Las primeras pasantías surgieron en la década del ’60, destinadas a las empresas locales, para fortalecer el desarrollo de la industria nacional. Las nuevas pasantías, en cambio, reconocen un punto de origen común en el decreto 340 de 1992, que incluyó a los estudiantes secundarios. El decreto las definió como “prácticas laborales de carácter formativo”, “no rentadas”, pero el modelo quedó desvirtuado a lo largo de la década por la combinación de voracidad empresaria con la falta de control de parte de los ámbitos educativos. En este momento, el régimen de pasantías secundarias parece atravesar una encrucijada entre la propuesta académica de convertirse en una invalorable práctica de formación pedagógica para el mundo del trabajo o en la opción más inmediata que encuentran las escuelas medias “para sacar a los pibes de la calle” o “conseguirles un viático para estudiar”.
Nora Schulman, de la Comisión Nacional de Seguimiento de la Convención Internacional de los Derechos del Niño, recuerda que la Organización Internacional del Trabajo (OIT) “establece pautas claras: los chicos a partir de los 14 años pueden trabajar, pero el Estado debe garantizar que el trabajo no implique una tarea riesgosa para ellos ni para su salud y que no colisione con la educación”.
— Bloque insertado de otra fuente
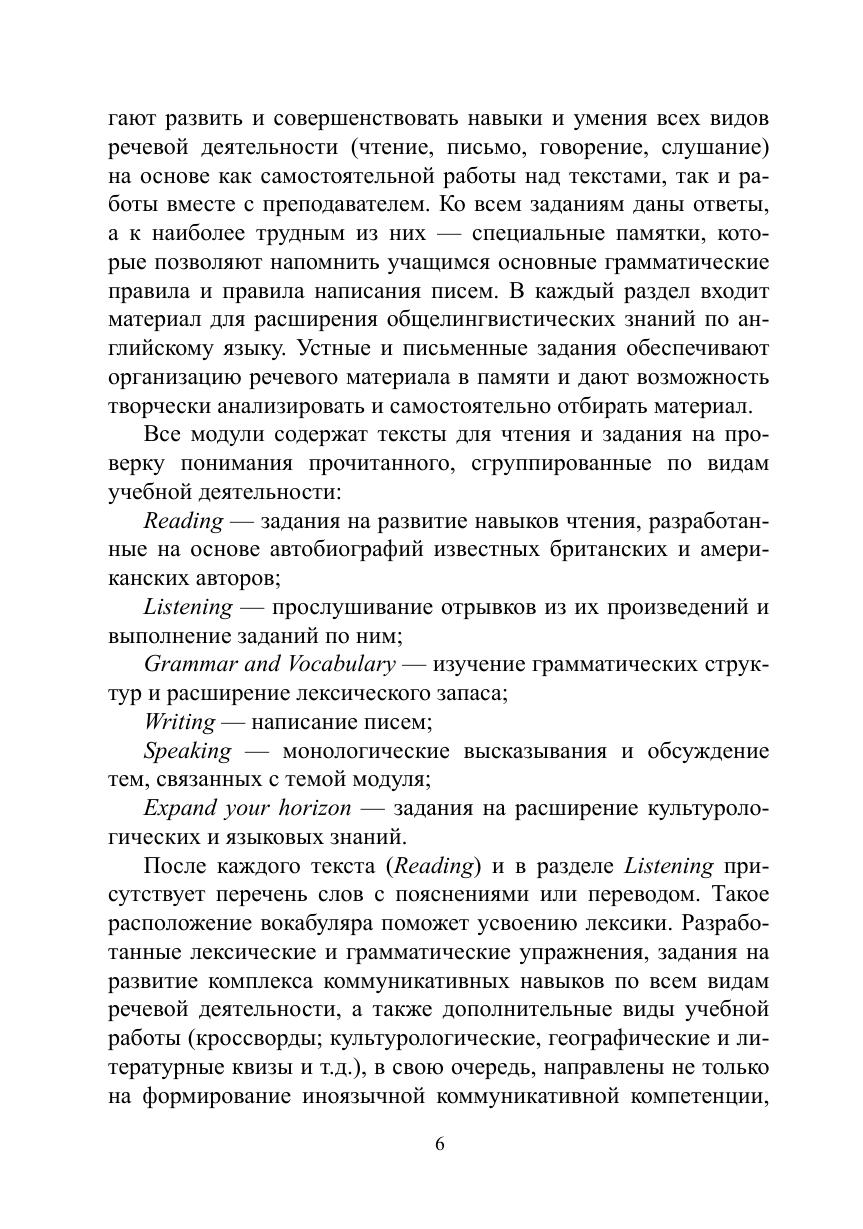 Цель пособия — развитие иноязычной коммуникативный компе-тенции, необходимой для международного взаимодействия и сотрудни-чества, освоение базовых принципов функционирования английского языка, ознакомление с новыми именами, обычаями, географическими реалиями, языковыми особенностями художественных произведений. В материал пособия входят сведения об английских и американских авторах, отрывки из произведений, а также правила организации пись-менного текста. Тексты, представленные в пособии, отражают основные принципы методической системы обучения иностранному языку — систему метода активации личности и коллектива.

Después de un repaso sobre los casos relevados por Página/12 entre los estudiantes que trabajan como repositores en un supermercado, Schulman se queda pensando: “¿Cuándo estudian? ¿Cuánto tiempo les queda libre para hacerlo?”
En este momento, el universo de las pasantías secundarias podría dividirse en dos grandes categorías: las ideales, en ámbitos de formación privados o públicos, con seguimiento de los tutores de las escuelas y control del Estado, y el resto.
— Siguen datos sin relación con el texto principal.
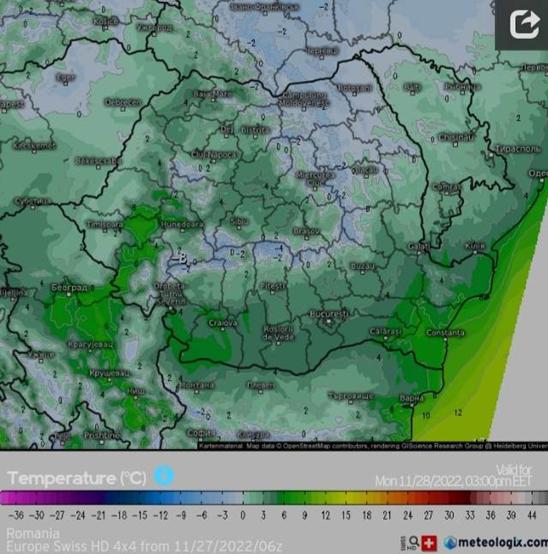 Astfel, ziua de azi {Luni, 28 Noiembrie 2022}, va menține o atmosferă închisă, similară cu cea de duminică, văzduhul păstrându-se noros.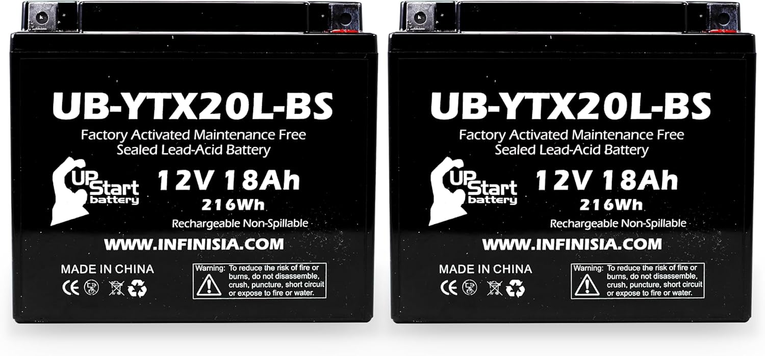 UB-YTX20L-BS Battery Replacement for 2015 BRP (Sea-Doo) SPARK 900 CC Personal Watercraft – Factory Activated, Maintenance Free, Motorcycle Battery – 12V, 18AH, UpStart Battery Brand; Quantity: 2

Sobre las primeras, aquellas pensadas como “prácticas prelaborales”, Página/12 no encontró ninguna objeción, más bien todo lo contrario. María Rosa Almandoz es la coordinadora del INET, el Instituto Nacional de Educación Tecnológica. “Las prácticas en el ámbito laboral para los estudiantes de las carreras técnicas, por ejemplo, son ideales –dice Almandoz–. Desde el punto de vista técnico, reciben un aporte fundamental e insustituible, en el contacto con tecnología que las escuelas no tienen posibilidad de darles.”
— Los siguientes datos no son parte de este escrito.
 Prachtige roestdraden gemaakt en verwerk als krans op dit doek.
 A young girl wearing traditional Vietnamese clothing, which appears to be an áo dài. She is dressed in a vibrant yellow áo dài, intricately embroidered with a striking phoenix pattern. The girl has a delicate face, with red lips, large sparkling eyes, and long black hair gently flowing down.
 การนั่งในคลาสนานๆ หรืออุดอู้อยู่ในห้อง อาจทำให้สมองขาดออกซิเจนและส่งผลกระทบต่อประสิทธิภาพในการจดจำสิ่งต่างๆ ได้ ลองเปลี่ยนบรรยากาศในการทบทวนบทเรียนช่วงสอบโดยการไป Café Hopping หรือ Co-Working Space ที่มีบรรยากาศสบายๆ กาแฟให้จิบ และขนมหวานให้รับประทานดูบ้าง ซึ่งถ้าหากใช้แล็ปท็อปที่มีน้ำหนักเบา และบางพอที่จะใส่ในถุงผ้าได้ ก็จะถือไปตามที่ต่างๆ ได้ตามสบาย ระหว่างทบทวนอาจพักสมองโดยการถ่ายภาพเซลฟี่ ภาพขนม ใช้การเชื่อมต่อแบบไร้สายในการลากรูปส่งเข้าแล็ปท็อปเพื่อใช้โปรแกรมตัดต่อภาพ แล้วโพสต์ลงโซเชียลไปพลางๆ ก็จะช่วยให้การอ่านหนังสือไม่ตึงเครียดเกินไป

Esa misma sensación tiene Jorge Estefanía, director de la Escuela de Educación Técnica Nº 8 Jorge Newbery, de La Matanza. Cuando le llegan pedidos de las empresas de la zona interesadas en incorporar pasantes, Estefanía valora el plus tecnológico y de capacitación que pueden obtener sus estudiantes. El colegio tiene orientación en aeronáutica y electromecánica. “En general –explica–, las pasantías las hacen los alumnos del último año y lo fundamental es el contacto real con el mundo laboral. Es un aporte invalorable, porque se contactan con la tecnología de punta, que es bastante difícil tener en la escuela.”
En la provincia de Buenos Aires, la Dirección de Educación no hace los convenios con las empresas, como sucede en la Capital. Cada escuela organiza su agenda de contactos, espera propuestas de las empresas o sale a buscarlas. En el Jorge Newbery de La Matanza, antes de que los alumnos empiecen con una pasantía, Estefanía va personalmente o envía a alguien a conocer la empresa. “Nos fijamos cómo es, cómo funciona la seguridad y en muchos casos los desechamos, porque sospechamos que los requieren como mano de obra barata en reemplazo de los empleados o porque no proponen una rotación por sectores, condición para que la práctica sea formativa”, explica. Fuera del campo de clase media, para las escuelas en contacto con la clase media empobrecida o los estudiantes que hacen malabares para seguir con un pie dentro del sistema educativo, las cosas se ponen más duras.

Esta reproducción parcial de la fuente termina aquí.